1. In the upper-right corner, click **{% octicon "play" aria-hidden="true" aria-label="play" %} Play**.
1. Make a change to the model or prompt, then run the prompt again to see what results you get.

## Testing different models against a prompt

Now, let's determine which model will work best for our application, using the **Comparisons** view. This view allows you to test different models on the same input, revealing differences in accuracy, creativity, tone, reasoning, and reliability.
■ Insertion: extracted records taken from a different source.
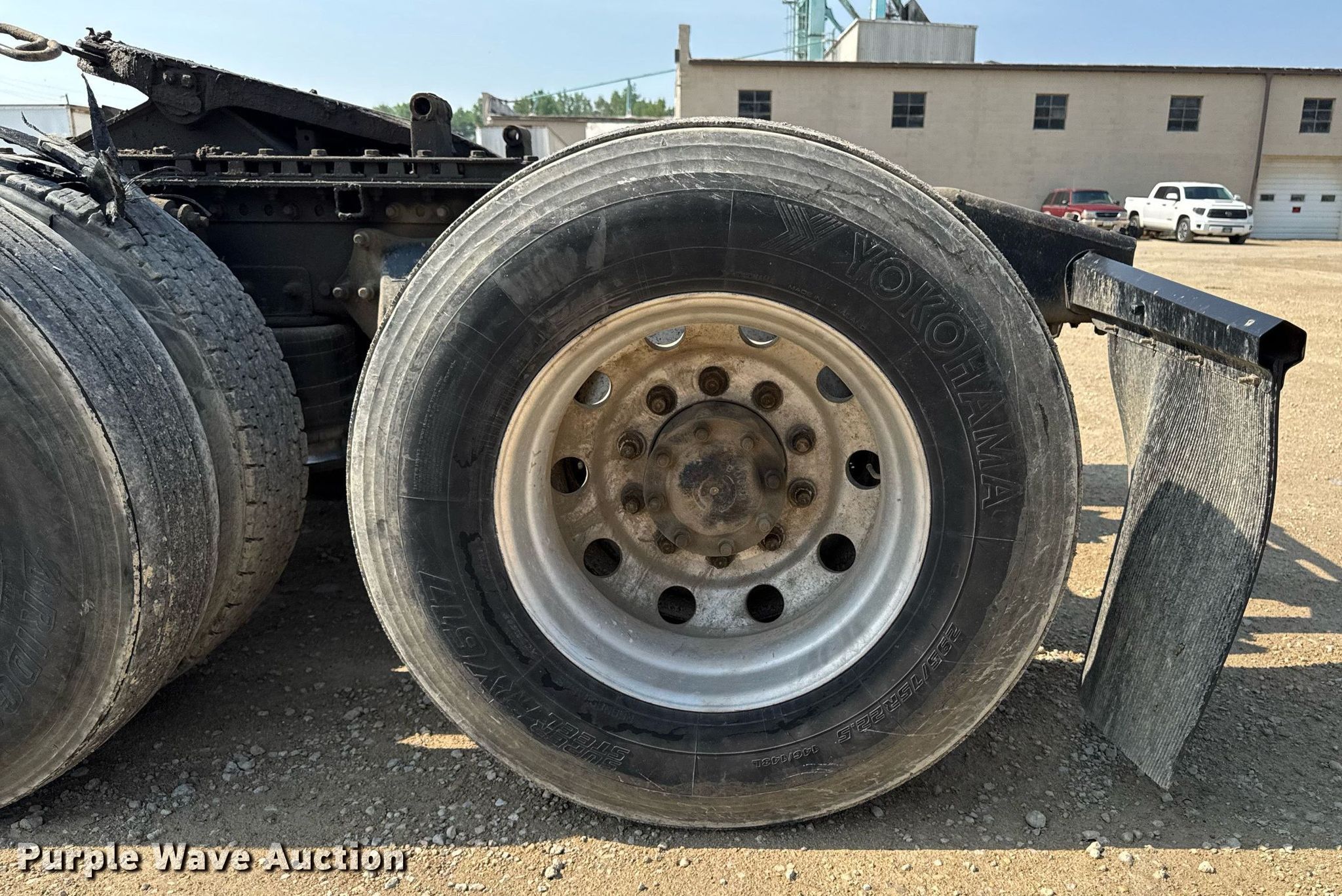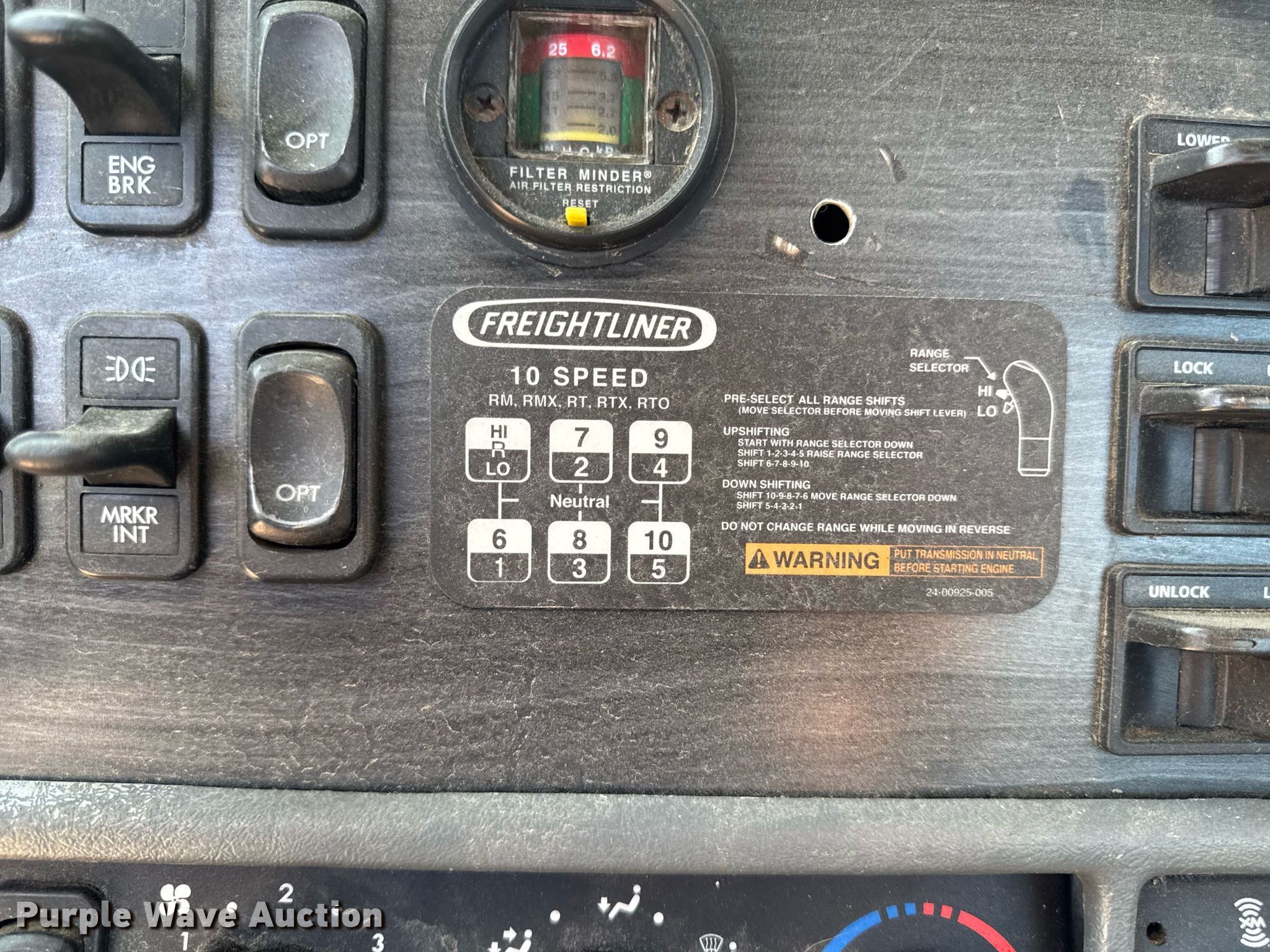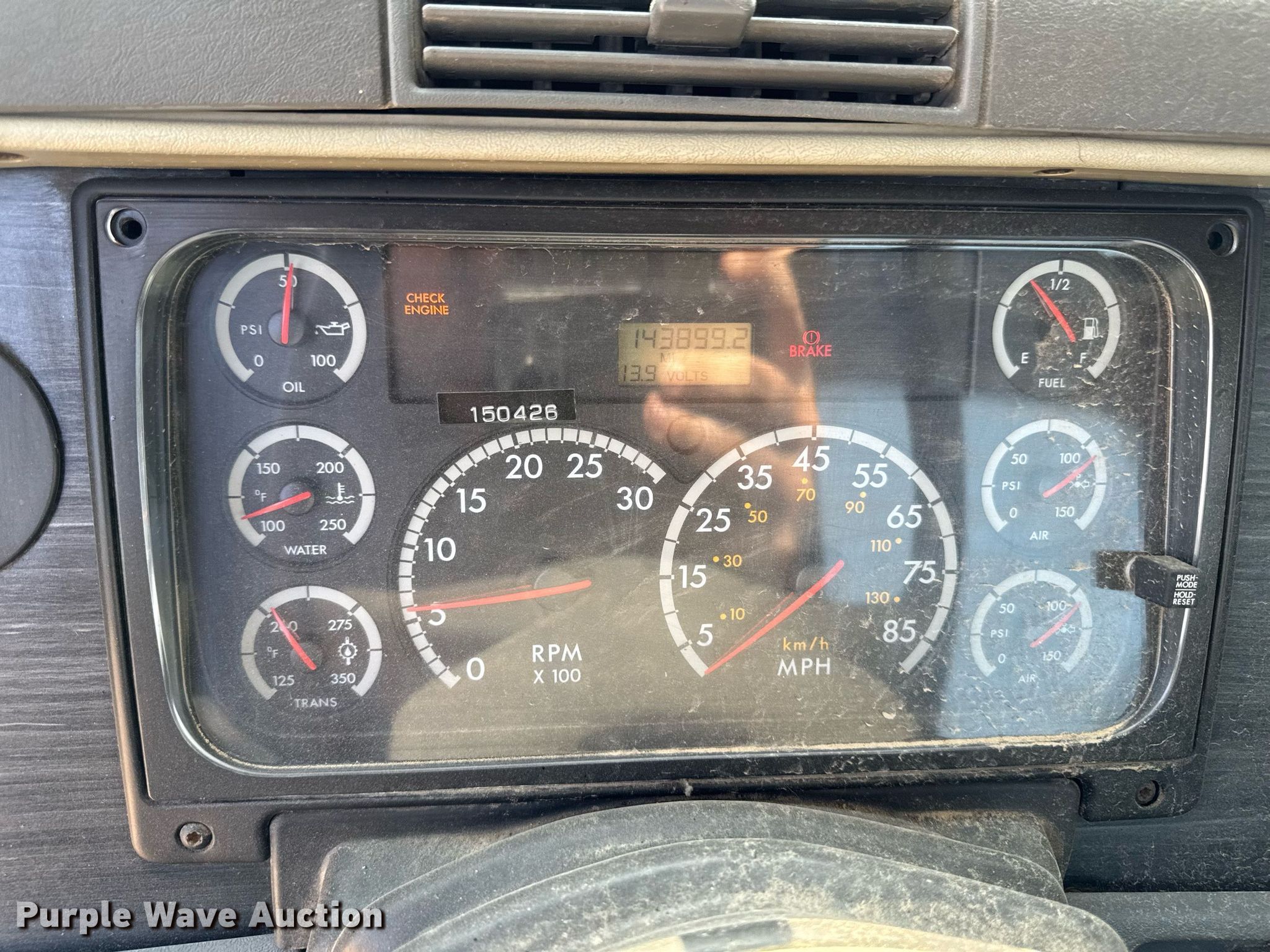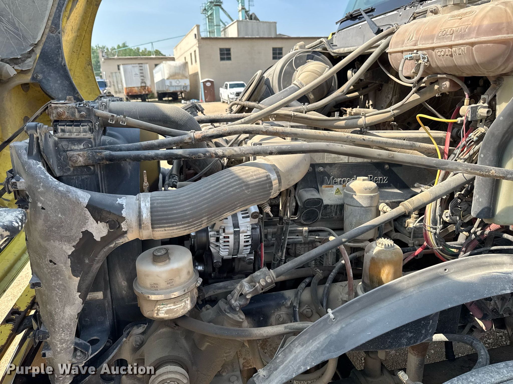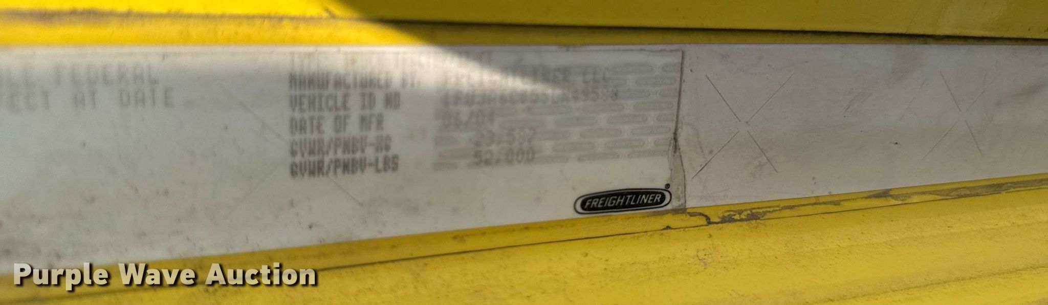 2005 Freightliner Columbia semi truck. Miles: 678,772 on odometer, Hours: 844 on meter, VIN: 1FUJA6CV55LN49588. Engine Mercedes-Benz MBE4000, Displacement: 12.8L, Cylinders: 6, Fuel type: Diesel, Engine brake. Transmission Manual, Speed: 10. Chassis Axles: Tandem, Differential lock: Inter-axle, Suspension: Air Dump valves, Brakes: Air, PTO, Wet kit, Truck chassis: 176", GVWR: 52,000 lbs. Interior AC, Heat, Heated mirrors, Power windows, Power locks, Cruise control, Air ride cab. Features Deck plate: Aluminum, Fifth wheel type: Air operated, Sliding, Fuel tank: Dual. Tires Size: 295/75R22.5. Notes Dash warning indicator: Check engine, Windshield chipped or cracked. Iowa title. Title distribution may be delayed up to 14 days from verification of funds. Rite Environmental, Inc.. Waterloo, IA 50703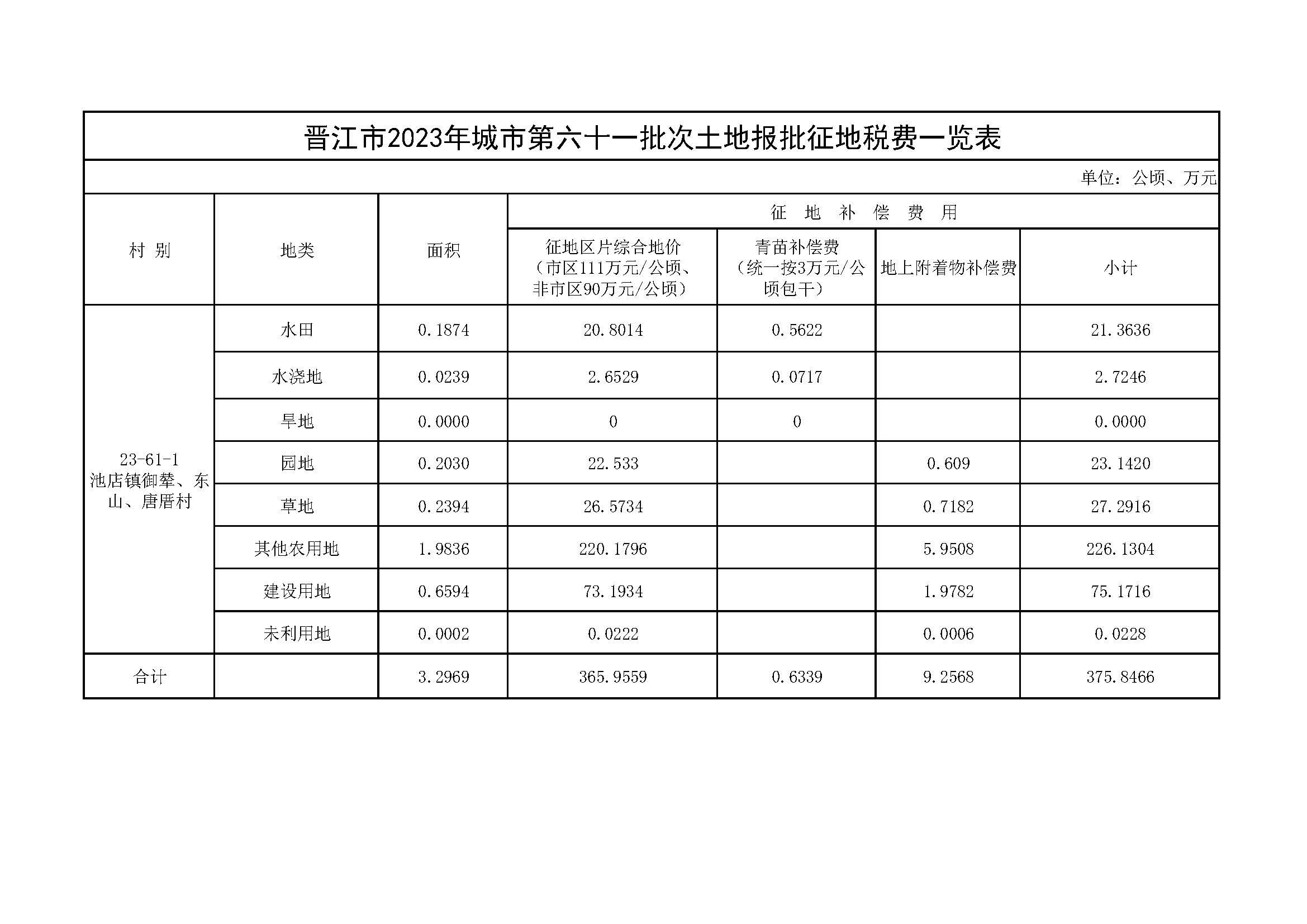 晋江市2023年城市第六十一批次土地报批征地税费一览表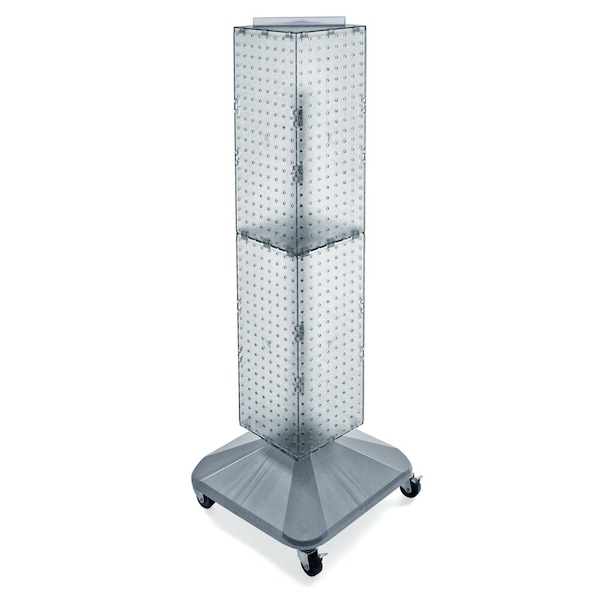 4-Sided Pegboard Spinner Rack w/ Wheels. Clear Frost 8"W x 48"H

That will help us choose the model that best fits our needs in terms of quality, speed, cost, and consistency.

1. In the upper-left corner, click **Comparisons**.
1. To compare different models, click **{% octicon "plus" aria-hidden="true" aria-label="plus" %} Add prompt** and select **{% octicon "repo-forked" aria-hidden="true" aria-label="repo-forked" %} Copy original prompt** to duplicate your existing system and user prompts. Create at least two copies of the original prompt to evaluate three different models.
1. Next to each prompt, click {% octicon "pencil" aria-hidden="Edit prompt" aria-label="pencil" %}. From the **Model** dropdown, choose a different model for each prompt you created.
1. Click **{% octicon "plus" aria-hidden="true" aria-label="plus" %} Add inputs** to create new rows for sample inputs.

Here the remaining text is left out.